Brazilian actress and singer-songwriter

Lúcia Maria Werner Viana, better known as Lucinha Lins, is a Brazilian actress and singer-songwriter.

==Career==
Lucinha became first known by the public in the 1979 Rede Globo series Plantão de Polícia, pioneer in issues such as homosexuality and drug traffic on the Brazilian television.

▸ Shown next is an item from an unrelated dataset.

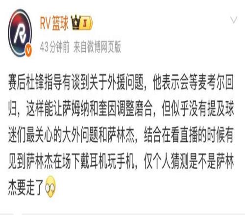 關于薩林杰的去留問題,杜鋒并沒有談,不過有媒體爆料,廣東宏遠可能會裁掉薩林杰。

Two years later, she became recognized as a singer, after she won the Shell Music Festival performing Jerônimo Jardim's "Purpurina".

In 1980, she duetted with Rio superstar Jorge Ben on the track 'Georgia e Jorge' on his Alô, alô, Como Vai? album.

In 1984, Lucinha starred on the Globo miniseries Rabo-de-Saia. To promote her role, she posed nude for the August issue of Playboy. On the following year, she starred in Dias Gomes' Roque Santeiro, the highest rated telenovela in the history of Brazil, as the virgin widow of the title character, portrayed by José Wilker. In 1989, she starred in O Salvador da Pátria, which was accused by some of having an anti-Lula bias.

From 1991 to 1994, she had minor roles on Globo productions. She then decided to leave Globo to act in two SBT telenovelas, As Pupilas do Senhor Reitor and Sangue do Meu Sangue. In 1996, she acted on Rede Record's Perdidos de Amor. In 1997 she returned to Globo, to star on the third season of teen series Malhação. In 1999 she would return to Record to act on Tiro e Queda. In 2001 she returned to Globo, where she starred in Estrela Guia, alongside pop singer Sandy. She would also act on the network's Chocolate com Pimenta in 2003.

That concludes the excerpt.